• [ABOUT THIS EXERCISE]
Restate word for word the entries below, starting with the line with "中国金童奖U17组别的竞争更" and continuing through the line with "CZERWONO-SZARY T-SHIRT Z". Include both of those lines and no others.

• [RAW DATA]
··········
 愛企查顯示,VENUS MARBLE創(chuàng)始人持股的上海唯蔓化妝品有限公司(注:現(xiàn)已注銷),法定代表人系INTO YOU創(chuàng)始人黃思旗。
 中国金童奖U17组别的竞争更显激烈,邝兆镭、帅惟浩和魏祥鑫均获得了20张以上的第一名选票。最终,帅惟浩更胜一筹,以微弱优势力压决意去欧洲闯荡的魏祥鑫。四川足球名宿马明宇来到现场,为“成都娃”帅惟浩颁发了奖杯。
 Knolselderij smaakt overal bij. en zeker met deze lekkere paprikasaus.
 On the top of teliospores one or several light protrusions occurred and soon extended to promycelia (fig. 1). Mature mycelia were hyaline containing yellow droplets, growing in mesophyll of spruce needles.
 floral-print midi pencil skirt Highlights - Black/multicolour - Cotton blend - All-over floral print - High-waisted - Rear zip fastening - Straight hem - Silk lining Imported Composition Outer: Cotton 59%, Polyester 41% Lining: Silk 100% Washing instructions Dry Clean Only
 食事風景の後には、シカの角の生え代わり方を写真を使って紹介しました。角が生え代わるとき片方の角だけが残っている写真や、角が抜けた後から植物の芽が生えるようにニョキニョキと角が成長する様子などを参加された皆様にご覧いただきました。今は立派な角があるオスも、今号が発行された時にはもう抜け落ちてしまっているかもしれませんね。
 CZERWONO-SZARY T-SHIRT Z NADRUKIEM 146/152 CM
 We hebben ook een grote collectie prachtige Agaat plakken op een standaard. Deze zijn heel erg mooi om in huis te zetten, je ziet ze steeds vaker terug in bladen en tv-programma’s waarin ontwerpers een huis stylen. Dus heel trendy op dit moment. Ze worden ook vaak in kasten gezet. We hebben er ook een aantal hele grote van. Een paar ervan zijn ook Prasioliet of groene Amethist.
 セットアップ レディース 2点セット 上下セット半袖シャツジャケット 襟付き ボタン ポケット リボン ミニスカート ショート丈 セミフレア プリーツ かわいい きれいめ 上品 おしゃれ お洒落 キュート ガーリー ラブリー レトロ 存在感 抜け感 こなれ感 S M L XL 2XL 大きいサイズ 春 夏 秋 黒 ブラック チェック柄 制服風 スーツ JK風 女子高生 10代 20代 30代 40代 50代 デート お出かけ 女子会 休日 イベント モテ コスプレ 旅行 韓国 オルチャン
··········
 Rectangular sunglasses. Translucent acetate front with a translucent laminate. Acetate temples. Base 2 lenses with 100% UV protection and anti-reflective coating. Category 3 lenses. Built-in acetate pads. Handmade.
··········
• [RESULT OF THE TASK]
 中国金童奖U17组别的竞争更显激烈,邝兆镭、帅惟浩和魏祥鑫均获得了20张以上的第一名选票。最终,帅惟浩更胜一筹,以微弱优势力压决意去欧洲闯荡的魏祥鑫。四川足球名宿马明宇来到现场,为“成都娃”帅惟浩颁发了奖杯。
 Knolselderij smaakt overal bij. en zeker met deze lekkere paprikasaus.
 On the top of teliospores one or several light protrusions occurred and soon extended to promycelia (fig. 1). Mature mycelia were hyaline containing yellow droplets, growing in mesophyll of spruce needles.
 floral-print midi pencil skirt Highlights - Black/multicolour - Cotton blend - All-over floral print - High-waisted - Rear zip fastening - Straight hem - Silk lining Imported Composition Outer: Cotton 59%, Polyester 41% Lining: Silk 100% Washing instructions Dry Clean Only
 食事風景の後には、シカの角の生え代わり方を写真を使って紹介しました。角が生え代わるとき片方の角だけが残っている写真や、角が抜けた後から植物の芽が生えるようにニョキニョキと角が成長する様子などを参加された皆様にご覧いただきました。今は立派な角があるオスも、今号が発行された時にはもう抜け落ちてしまっているかもしれませんね。
 CZERWONO-SZARY T-SHIRT Z NADRUKIEM 146/152 CM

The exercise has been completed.